Она еще не рассказала Салли о Флориде. К тому же речь шла не просто о Флориде, а о знаменитых пляжах — Ки-Уэст, Ки-Ларго… Они со Скоттом прилетят в Майами, возьмут напрокат автомобиль и поедут вдоль моря, останавливаясь там, где понравится. Впрочем, удовольствие от этих планов было подпорчено тем, что она не могла поделиться ими с Салли, попросить у нее совета, как ей лучше загорать, услышать, что в бикини она вовсе не смотрится как корова-альбинос. С того дня они виделись, только когда заходил Мик или их куда-нибудь приглашали — как сегодня. Ни о каком общении с глазу на глаз не было и речи. Вообще-то это было даже смешно: в присутствии посторонних они, не сговариваясь, изображали, будто все как обычно. Когда Мик заходил к Салли, та просила его стукнуть в дверь Джуди, проверить, дома ли она. А если он звал их к себе, то Салли сбрасывала на мобильник Джуди коротенькое сообщение. Они вели себя, как супруги на грани развода, которые пускают пыль в глаза соседям. И Джуди не знала, есть ли выход из этой ситуации. День проходил за днем, и ей казалось, что былая дружба становится все дальше и дальше. Сегодня вечером, заметив, что Салли едва сдерживает смех, разглядывая рисунки и картины, Джуди решила, что стена наконец рухнула, поскольку она сама тоже давилась хохотом. Но, похоже, она снова ошиблась.

Еще и по другой причине ей не хотелось рассказывать Салли о своей поездке со Скоттом, — господи, ведь еще десять дней! Целых десять дней! Разве могла она, после того что наговорила Салли про ее отношения с Миком, хвастаться приглашением Скотта?! Мол, посмотри, как у меня все классно и как у тебя все хреново. Но ведь сказать, что она уезжает, все равно придется. Нельзя же просто взять и исчезнуть на неделю.

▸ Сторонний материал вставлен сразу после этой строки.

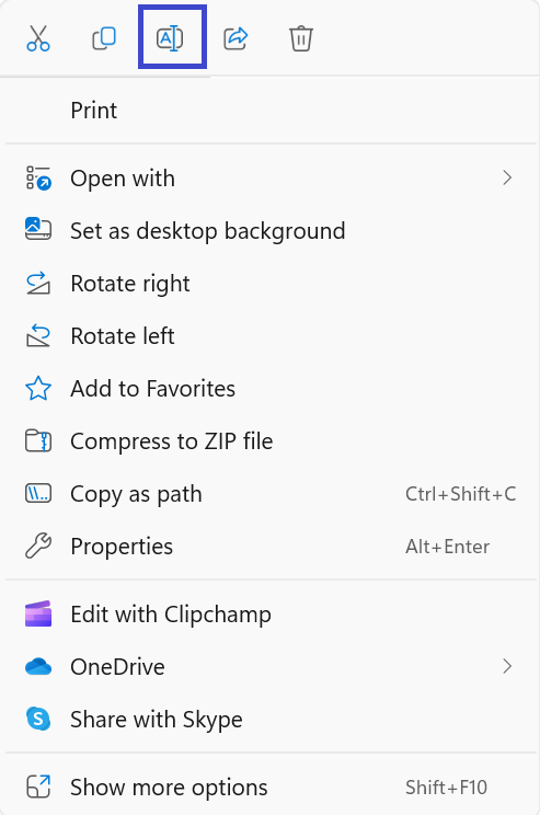 方法二:右鍵單擊桌面上要重命名的文件。然後,單擊重命名打開的上下文菜單中的選項。

Или все-таки лучше так и поступить?.. Если просто исчезнуть на неделю, может, Салли соскучится и это подтолкнет ее к примирению? Джуди сознавала, что это сродни попытке вызвать у бывшего любовника приступ ревности, чтобы попытаться вернуть его. Кроме того, она так и не разобралась, ошибается Скотт или все-таки нет, считая ее близость с Миком и Салли чрезмерной. Разве близость между друзьями — это нечто ненормальное? Иначе какой смысл жить? Джуди чувствовала, что плутает впотьмах. У нее не было братьев и сестер, с которыми она бы ссорилась и мирилась, которым бы доверяла уже потому, что их близость была как данность, которую нельзя отменить. Ни в детстве, ни в юности у нее не было человека — если, конечно, не считать родителей, — про которого она могла бы сказать: наши узы не разорвать никогда и ни за что. Но именно о такой близости она всегда мечтала, и именно таким человеком стала для нее Салли… И Джуди изводила себя вопросом: а если бы они с Салли поменялись местами, ощущала бы та столь же острое чувство утраты?

Загрузка...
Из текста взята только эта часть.